- Country: Saudi Arabia
- National team: Saudi Arabia
- First played: Mid 20th Century

= Rugby union in Saudi Arabia =

Rugby union in Saudi Arabia is a minor but growing sport, which has been played for several decades in the Kingdom of Saudi Arabia. Many of the local rugby union teams date back to the late 1970s.

==Governing body==
Rugby is a developing sport in the kingdom. The current Saudi Arabian Rugby Federation is licensed by the Saudi government and is a member of Asia Rugby. Its current board of directors are:
- Ali Al Dajani (Chairman)
- Khalid Al Mansour
- Hadeel Bakhsh
- Lojain Al Harbi
- Mansour Al Dehaiman
- Sami Amin

==History==
Due to the climate, Saudi rugby has been frequently played in extreme temperatures, with high temperatures or even on sand. Games are usually held in the evening for this reason.

Rugby union was introduced into Saudi Arabia by the British in the mid-twentieth century. Due to the influx of western workers, rugby has experienced a form of revival and for a while had a significant number of Saudi nationals playing.

Saudi Arabia participated in the 2014 Asian Games in Incheon, South Korea. On 29 April 2016 Saudi Arabia played against Jordan in their first World Rugby recognized international game.
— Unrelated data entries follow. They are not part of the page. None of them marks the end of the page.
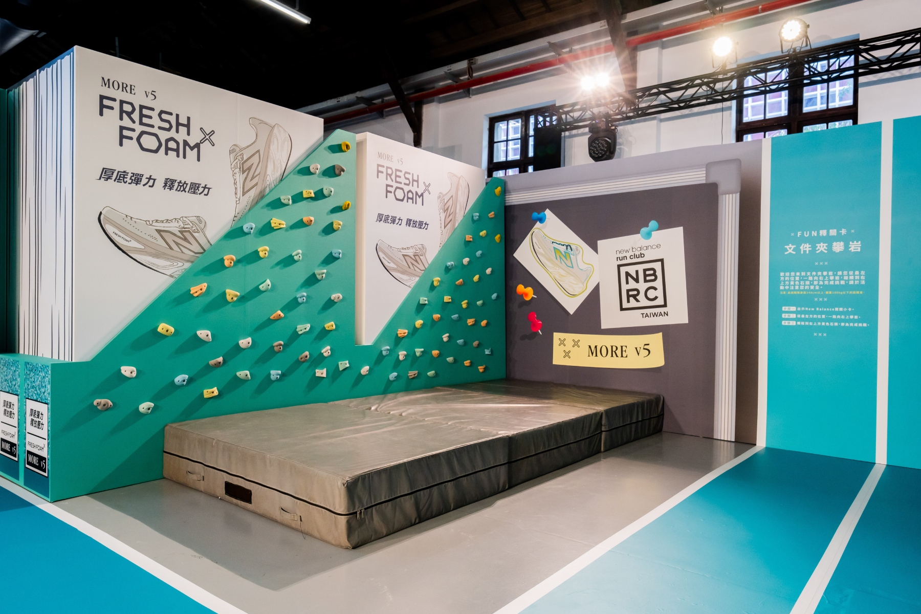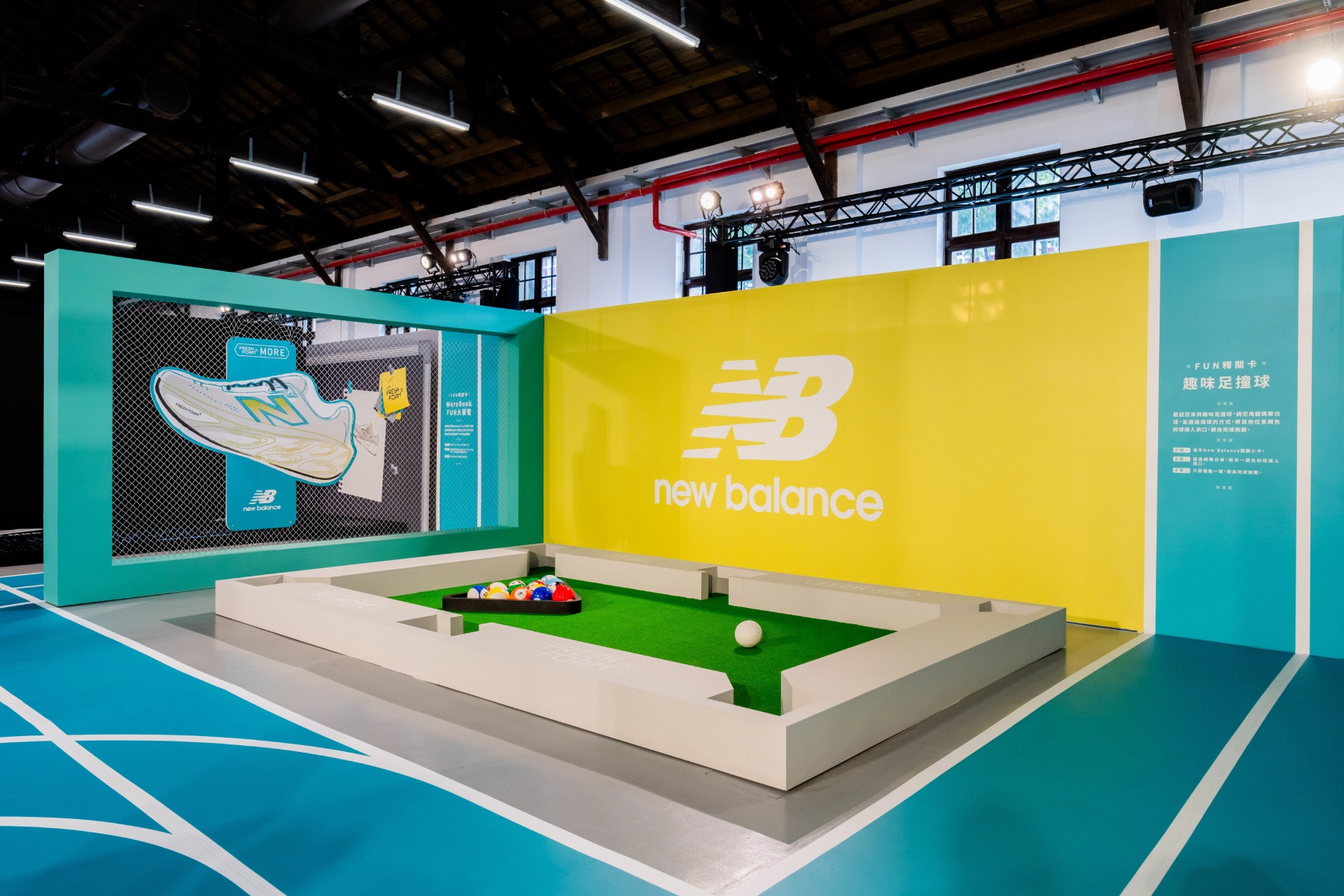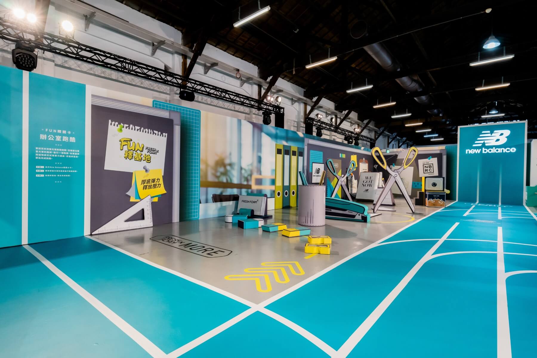 《New Balance FUN釋基地》主場館設置於台北松山文創園區五號倉庫,館內規畫 3 大情境區,分別為釋壓親子運動區、釋壓辦公室運動區與釋壓拍照區,不僅將遊戲元素巨型化,打造親子友善的互動關卡,更特別為上班族打造專屬紓壓空間,讓朝九晚五的職場人士們更能身歷其境地趣味解壓。親子運動區包含將撞球放大成足球大小的「趣味足撞球」、透過巨大彈弓體驗射擊的「彈力健將」與擁有大型氣球標靶的「活力釋射」三個關卡;而辦公運動區則是將辦公室常見的文具元素放大,如「文件夾攀岩」將巨型文件夾變身攀岩牆、「辦公室跑酷」則是在巨型螢光筆繪製的路線上,跨越各式障礙物模擬跑酷體驗,抑或是「More Book Fun 大筆電」在巨大鍵盤上,用腳步敲打出平時不敢說出口的心聲。參與者皆能在主場館內換上最新推出的 Fresh Foam X More v5,透過親自上腳感受鞋款緩震的科技。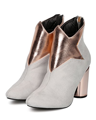Studio : Cape Robbin Publisher : Cape Robbin Binding : Apparel Product Description These adorable booties are made with a faux suede upper, pointy toe and stitch accent. Also made with a metallic star embellishment, round mirror metallic heel, and hind zip for easy slip on and off. 0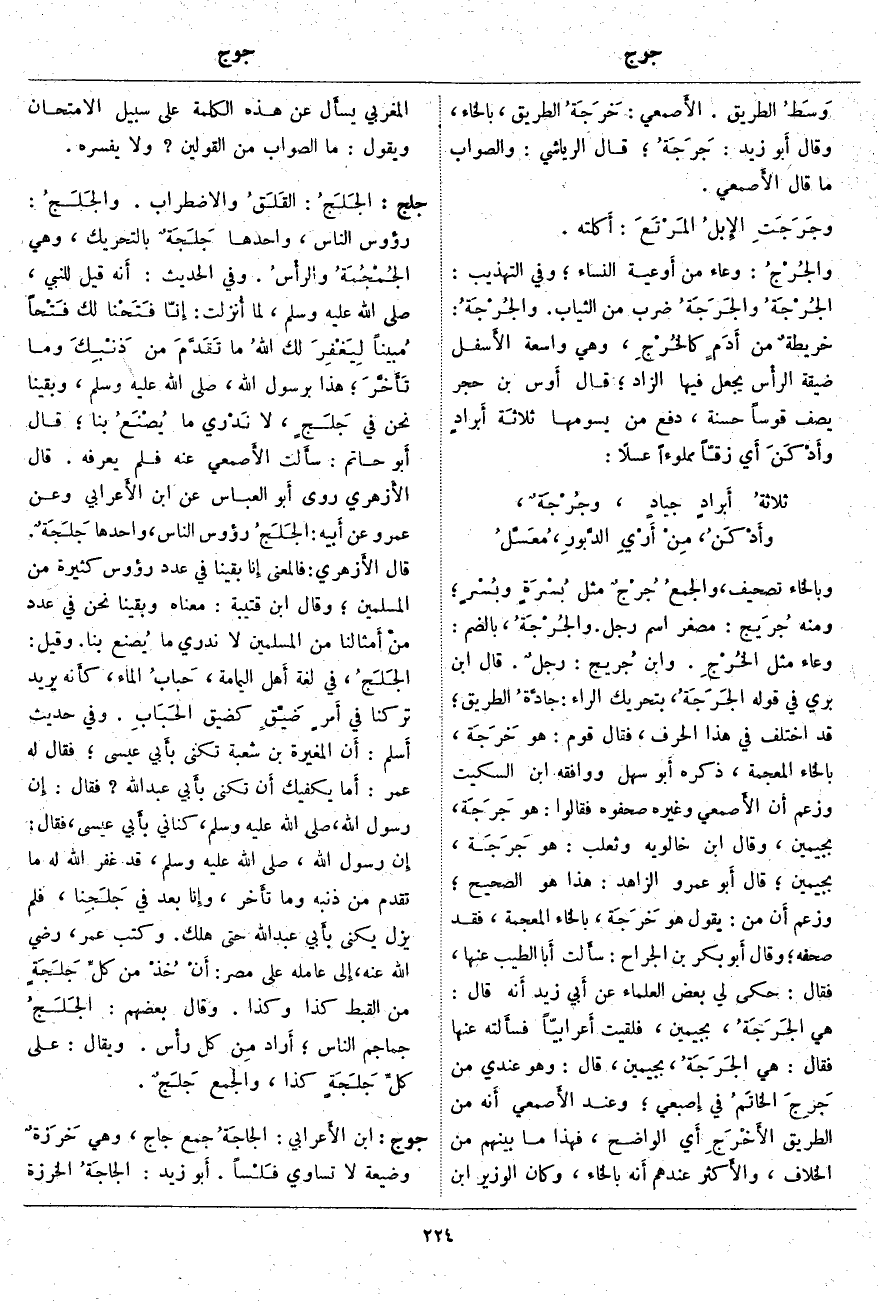 وَبِالْخَاءِ تَصْحِيفٌ، والجمعُ جُرْجٌ مِثْلُ بُسْرَةٍ وبُسْرٍ؛ وَمِنْهُ جُرَيج: مُصَغَّرٌ اسْمُ رَجُلٍ. والجُرْجَةُ، بِالضَّمِّ: وِعَاءٌ مِثْلُ الخُرْجِ. وَابْنُ جُريج: رجلٌ. قَالَ ابْنُ بَرِّيٍّ فِي قَوْلِهِ الجَرَجَةُ، بِتَحْرِيكِ الرَّاءِ: جادَّةُ الطَّرِيقِ؛ قَدِ اخْتُلِفَ فِي هَذَا الْحَرْفِ، فَقَالَ قَوْمٌ: هُوَ خَرَجَة، بِالْخَاءِ الْمُعْجَمَةِ ذَكَرَهُ أَبو سَهْلٍ وَوَافَقَهُ ابْنُ السِّكِّيتِ وَزَعَمَ أَن الأَصمعي وَغَيْرَهُ صَحَّفُوهُ فَقَالُوا: هُوَ جَرَجَة، بِجِيمَيْنِ، وَقَالَ ابْنُ خَالَوَيْهِ وَثَعْلَبٌ: هُوَ جَرَجَة، بِجِيمَيْنِ؛ قَالَ أَبو عَمْرٍو الزَّاهِدُ: هَذَا هُوَ الصَّحِيحُ؛ وَزَعَمَ أَن مَنْ: يَقُولُ هُوَ خَرَجَة، بِالْخَاءِ الْمُعْجَمَةِ، فَقَدْ صَحَّفَهُ؛ وَقَالَ أَبو بَكْرِ بْنُ الْجَرَّاحِ: سأَلت أَبا الطَّيِّبِ عَنْهَا، فَقَالَ: حَكَى لِي بَعْضُ الْعُلَمَاءِ عَنْ أَبي زَيْدٍ أَنه قَالَ: هِيَ الجَرَجَةُ، بِجِيمَيْنِ، فَلَقِيتُ أَعرابيّاً فسأَلته عَنْهَا فَقَالَ: هِيَ الجَرَجَةُ، بِجِيمَيْنِ، قَالَ: وَهُوَ عِنْدِي مِنْ جَرِجَ الخاتَمُ فِي إِصبعي؛ وَعِنْدَ الأَصمعي أَنه مِنَ الطَّرِيقِ الأَخْرَجِ أَي الْوَاضِحِ، فَهَذَا مَا بَيْنَهُمْ مِنَ الْخِلَافِ، والأَكثر عِنْدَهُمْ أَنه بِالْخَاءِ، وَكَانَ الْوَزِيرُ ابْنُ الْمَغْرِبِيِّ يسأَل عَنْ هَذِهِ الْكَلِمَةِ عَلَى سَبِيلِ الِامْتِحَانِ وَيَقُولُ: مَا الصَّوَابُ مِنَ الْقَوْلَيْنِ؟ وَلَا يُفَسِّرُهُ.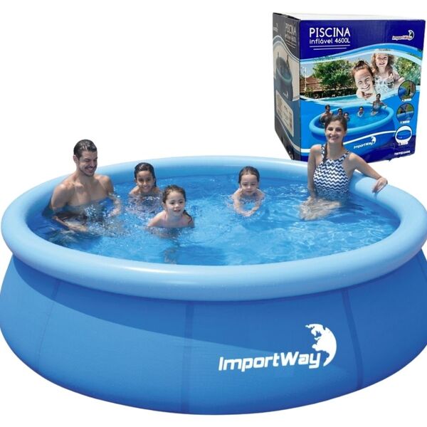 Com a piscina da importway a diversão está garantida! Com capacidade de 4600 l, você e sua família podem curtir juntos. Ideal para quem quer praticidade, ela possibilita ser guardada ou ser levada para qualquer lugar. Surpreenda-se com a qualidade desse produto e faça bom proveito.   piscina borda inflável 4600l   especificações: - capacidade de água: 4600l; - material: pvc; - fácil de montar; - com válvula de drenagem; - acompanha kit de reparação; - revestimento é suportado pelo anel inflável; - possui 3 camadas de pvc laminado de alta resistência, oferecendo uma excelente durabilidade.   dimensões do produto montado: - diâmetro: 3m; - altura: 76 cm.   conteúdo da embalagem: - 1x piscina borda inflável 4600l.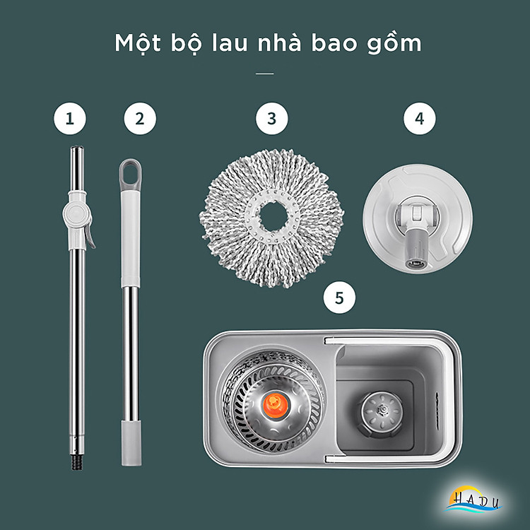 - Bộ lau nhà 360 được chế tạo có tính thẩm mĩ cao, dạy dặn, chắc chắn. (Khách cầm trên tay là thấy được độ cao cấp của em nó)

Saudi Rugby Federation has no recognized clubs in the kingdom, however there are currently 6 teams in Saudi Arabia:

- Jeddah Team (Scorpions)
- Riyadh Team (Scorpions, Falcons, Warriors)
- Khobar Team (Eagles)
- Yanbu Team (Legend)
In November 2012, a national team consisting only of Saudi nationals entered the West Asia 7's competition in Dubai. They finished 3rd overall with Lebanon taking the title.